Я не просыпаюсь — вздрагивая, вырываюсь из сна. Впервые за все время жизни в этой квартире — за полгода — я слышу этот звук — стук в дверь. Причем не обычный — словно молотят каким-то предметом. Сердце колотится так, что, кажется, прорвет грудную клетку.
— Тук-тук-тук.
Сажусь на край матраса. В голове гудит, как на утро после вечеринки. Жмурюсь от яркого утреннего света.
— Тук-тук, тук-тук-тук.
Не отрывая взгляда от колонны, которая заслоняет входную дверь, заматываюсь в простыню и на цыпочках двигаюсь к источнику звука.
— Тук-тук-тук, тук-тук.
Приближаюсь к дверному глазку — и тотчас же отступаю.
— Да ладно, Шахерезада. Я знаю, что ты там.
Блефует. Но я все равно открываю дверь: в его руках подставка с двумя пластиковыми стаканчиками кофе.
— Обязательно барабанить на весь дом? — подтягиваю простыню до подбородка и пытаюсь вспомнить, когда это мы перешли на «ты».
Вспомнила. Не переходили.
— Ты так долго не открывала… Я решил, может, нужно отстучать какой-нибудь пароль — вот и пробовал разные варианты, — для примера он еще пару раз ударяет рукояткой трости о дверь.
— Ага… Пароль…
Смысл его появления — в моей квартире, утром — понятен.
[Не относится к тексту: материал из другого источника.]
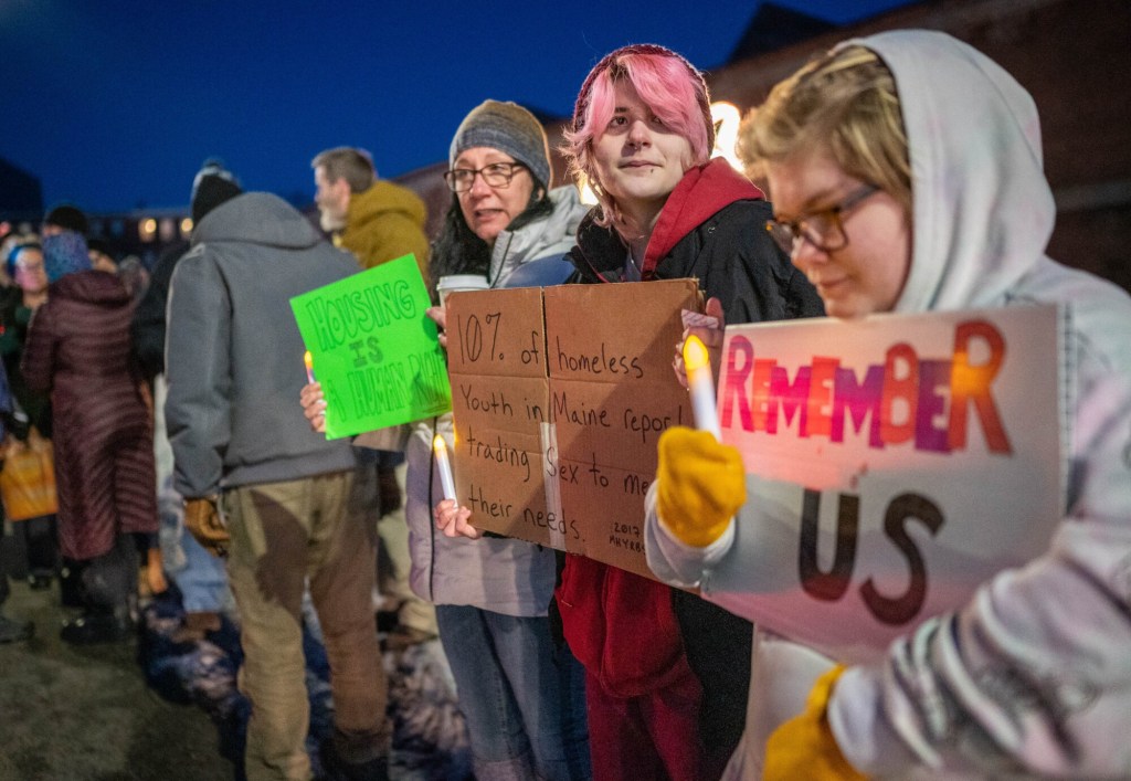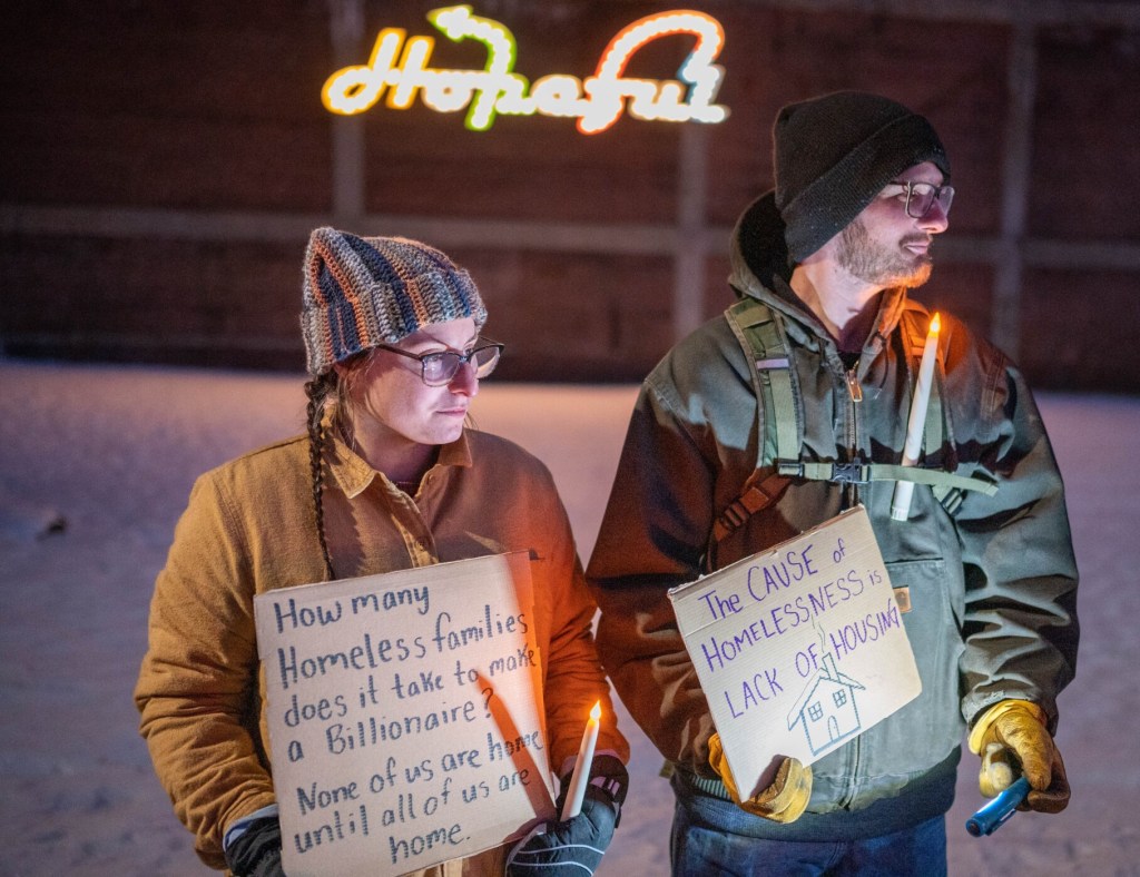 Rowan Church, 20, left, and Phoenix Bossie, 19, hold signs Wednesday in Lewiston at a vigil marking National Homeless Persons’ Memorial Day. The vigil was held on the winter solstice, the first day of winter and the longest night of the year. Andree Kehn/Sun Journal

Я вмешалась в его личную жизнь — теперь он вмешивается в мою.
— Кухня налево, — вдыхаю аромат кофе и, оставив дверь открытой, иду в спальню переодеваться.
Натягиваю джинсы, майку, выхожу из-за ширмы — и едва не врезаюсь в Графа.
— Я же сказала…
— Я знаю, где кухня.
Он слишком большой, чтобы я могла вытолкнуть его силой. Но мне очень, очень, очень не нравится, что происходит.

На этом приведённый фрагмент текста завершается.